» **INSTRUCTIONS FOR THE TASK**: Within the records below, repeat each line exactly but keep every picture out of the copy.
**** MATERIAL PROVIDED ****
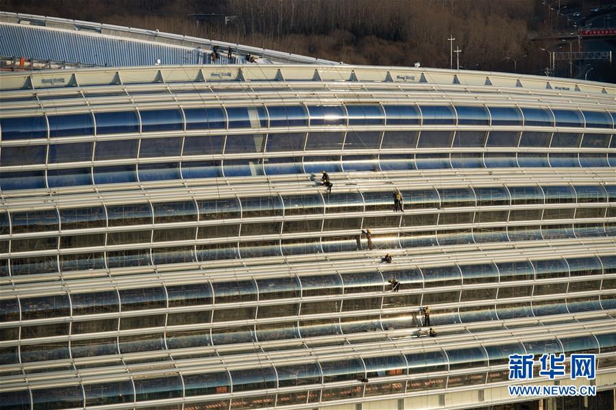 12月31日,施工人員在實現(xiàn)封頂封圍的國家速滑館施工現(xiàn)場工作。新華社記者鞠煥宗攝
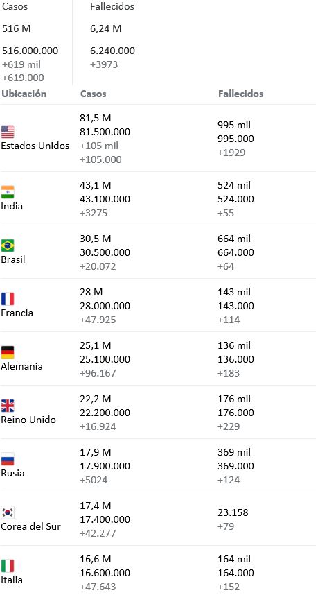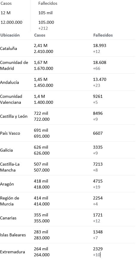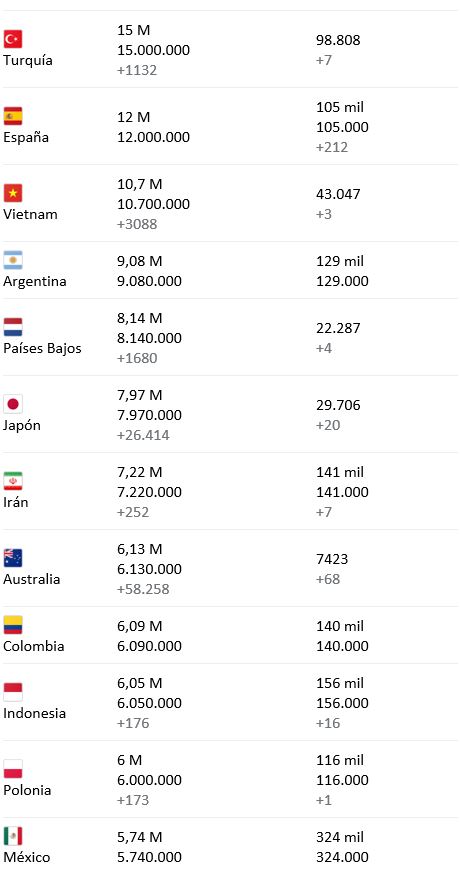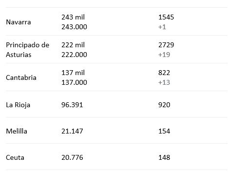 El signo más (+) indica los casos nuevos confirmados respecto al día anterior·
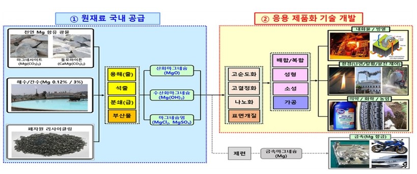 이번 사업은 마그네슘(Mg)계 원재료 국내 공급과 응용제품 개발 2개 분야로 진행된다.
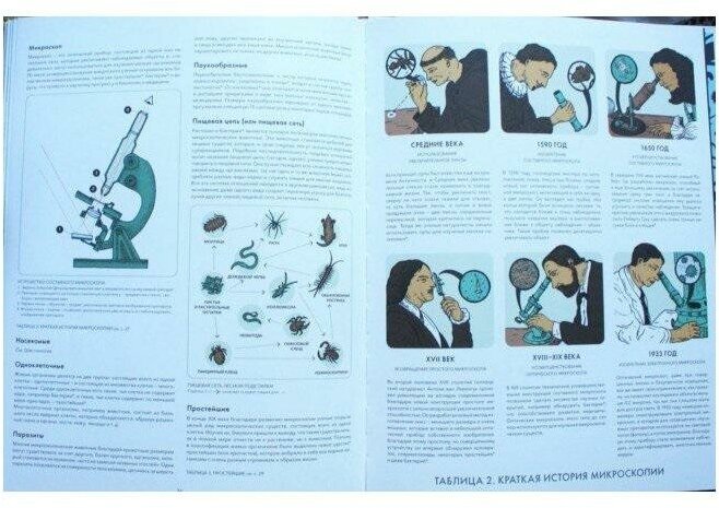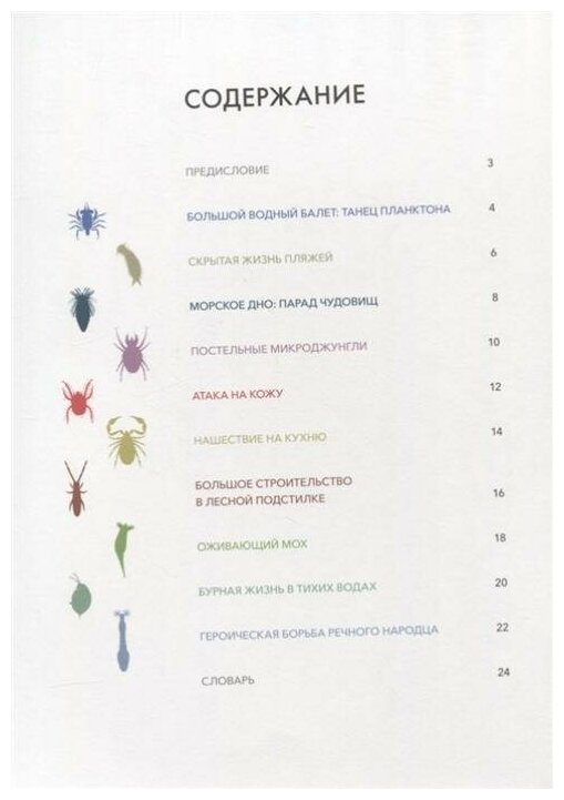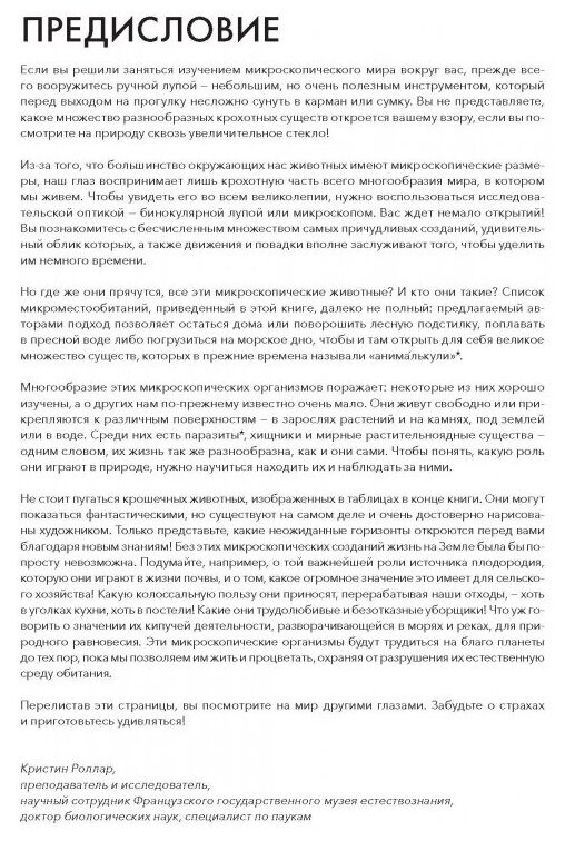 Повсюду, где бы мы ни оказались, нас окружают невидимые миры. Населяющие их животные такие крохотные, что их невозможно увидеть невооруженным глазом. И тем не менее они есть везде - на поверхности океана и морском побережье, в лесной подстилке и на кухне у нас дома, в постельном белье и даже на нашей собственной коже. Благодаря кипучей деятельности этих микроскопических существ на планете поддерживается природное равновесие. Книга позволяет не только прочитать о них, но и подробно их рассмотреть. На красочных раскладных страницах с большим увеличением и в масштабе показаны обитатели десяти микроэкосистем. Микроскопические существа изображены очень реалистично, как если бы вы разглядывали их в микроскоп. Как читать эту книгу Книга состоит из 10 глав, посвященных жителям десяти микроместообитаний. Главу открывает краткое описание экосистемы. Далее в масштабе изображена жизнь в капельке морской воды и крохотном образце грунта со дна Атлантического океана; в комочке песка с пляжа, частичке лесной подстилки и веточке мха из умеренных широт; в капельке стоячей воды и в капельке чистой речной воды из умеренных широт, а также в образцах из постели, с кожи и с кухни человека. У каждого обитателя есть описание, а в конце книги вы найдете словарь и схема устройства микроскопа. Фишки книги Необычная яркая тема увлечет даже взрослого; Откроет невероятный незримый мир и его обитателей: от капли воды до кожи человека; Красивые сочные яркие разворотные иллюстрации; Книга состоит из 10 глав, посвященных жителям десяти микроместообитаний; У каждого обитателя имеется описание, составленное со скрупулезной научной точностью, и номер, по которому его легко отыскать на рисунке; В конце есть словарь, где разъясняются сложные понятия и термины, краткая история микроскопии и схема устройства микроскопа, даются таблицы с точными портретами клещей и простейших, представленных в книге. Для кого эта книга Для детей от 7-ми лет. Для любопытных любого возраста. Об авторах Элен Ражкак - художник-иллюстратор. Родилась в Париже в 1981 году. Закончила Национальную высшую школу прикладных искусств, изучала технику гравюры в Школе искусств и полиграфии, занималась дизайном тканей. Дамьен Лавердан - писатель и иллюстратор-график, преподаватель прикладного искусства в парижском лицее. Родился в 1978 году в Париже. Учился в Высшей школе прикладных искусств Дюперре, получил диплом Национальной высшей школы прикладных искусств. Объединившись, Элен Ражкак и Дамьен Лавердан создали арт-дуэт Tigres Gauchers ("Тигры-левши"), и уже стали авторами нескольких успешных книг для детей и подростков.
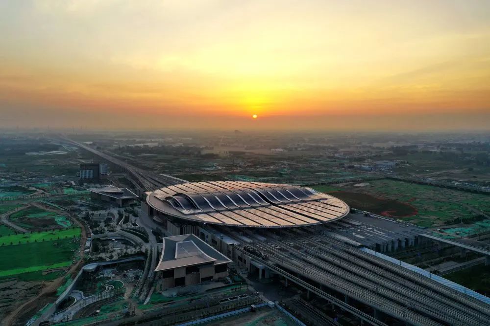 7月1日在河北雄安新區(qū)京雄城際鐵路雄安站拍攝的日出(無(wú)人機(jī)照片)。新華社記者牟宇 攝
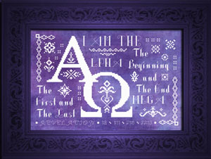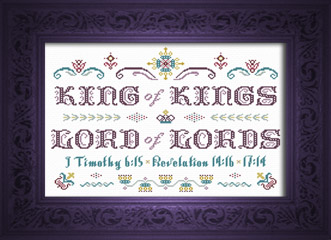 Vibrant shades of purple and berry tones along with accents of gold represent royalty. This piece will be a joy to stitch as you finish each motif and fancy letter and all the while be reminded of our King's majesty.
****
» **SOLVED PROBLEM**:
 12月31日,施工人員在實現(xiàn)封頂封圍的國家速滑館施工現(xiàn)場工作。新華社記者鞠煥宗攝
 El signo más (+) indica los casos nuevos confirmados respecto al día anterior·
 이번 사업은 마그네슘(Mg)계 원재료 국내 공급과 응용제품 개발 2개 분야로 진행된다.
 Повсюду, где бы мы ни оказались, нас окружают невидимые миры. Населяющие их животные такие крохотные, что их невозможно увидеть невооруженным глазом. И тем не менее они есть везде - на поверхности океана и морском побережье, в лесной подстилке и на кухне у нас дома, в постельном белье и даже на нашей собственной коже. Благодаря кипучей деятельности этих микроскопических существ на планете поддерживается природное равновесие. Книга позволяет не только прочитать о них, но и подробно их рассмотреть. На красочных раскладных страницах с большим увеличением и в масштабе показаны обитатели десяти микроэкосистем. Микроскопические существа изображены очень реалистично, как если бы вы разглядывали их в микроскоп. Как читать эту книгу Книга состоит из 10 глав, посвященных жителям десяти микроместообитаний. Главу открывает краткое описание экосистемы. Далее в масштабе изображена жизнь в капельке морской воды и крохотном образце грунта со дна Атлантического океана; в комочке песка с пляжа, частичке лесной подстилки и веточке мха из умеренных широт; в капельке стоячей воды и в капельке чистой речной воды из умеренных широт, а также в образцах из постели, с кожи и с кухни человека. У каждого обитателя есть описание, а в конце книги вы найдете словарь и схема устройства микроскопа. Фишки книги Необычная яркая тема увлечет даже взрослого; Откроет невероятный незримый мир и его обитателей: от капли воды до кожи человека; Красивые сочные яркие разворотные иллюстрации; Книга состоит из 10 глав, посвященных жителям десяти микроместообитаний; У каждого обитателя имеется описание, составленное со скрупулезной научной точностью, и номер, по которому его легко отыскать на рисунке; В конце есть словарь, где разъясняются сложные понятия и термины, краткая история микроскопии и схема устройства микроскопа, даются таблицы с точными портретами клещей и простейших, представленных в книге. Для кого эта книга Для детей от 7-ми лет. Для любопытных любого возраста. Об авторах Элен Ражкак - художник-иллюстратор. Родилась в Париже в 1981 году. Закончила Национальную высшую школу прикладных искусств, изучала технику гравюры в Школе искусств и полиграфии, занималась дизайном тканей. Дамьен Лавердан - писатель и иллюстратор-график, преподаватель прикладного искусства в парижском лицее. Родился в 1978 году в Париже. Учился в Высшей школе прикладных искусств Дюперре, получил диплом Национальной высшей школы прикладных искусств. Объединившись, Элен Ражкак и Дамьен Лавердан создали арт-дуэт Tigres Gauchers ("Тигры-левши"), и уже стали авторами нескольких успешных книг для детей и подростков.
 7月1日在河北雄安新區(qū)京雄城際鐵路雄安站拍攝的日出(無(wú)人機(jī)照片)。新華社記者牟宇 攝
 Vibrant shades of purple and berry tones along with accents of gold represent royalty. This piece will be a joy to stitch as you finish each motif and fancy letter and all the while be reminded of our King's majesty.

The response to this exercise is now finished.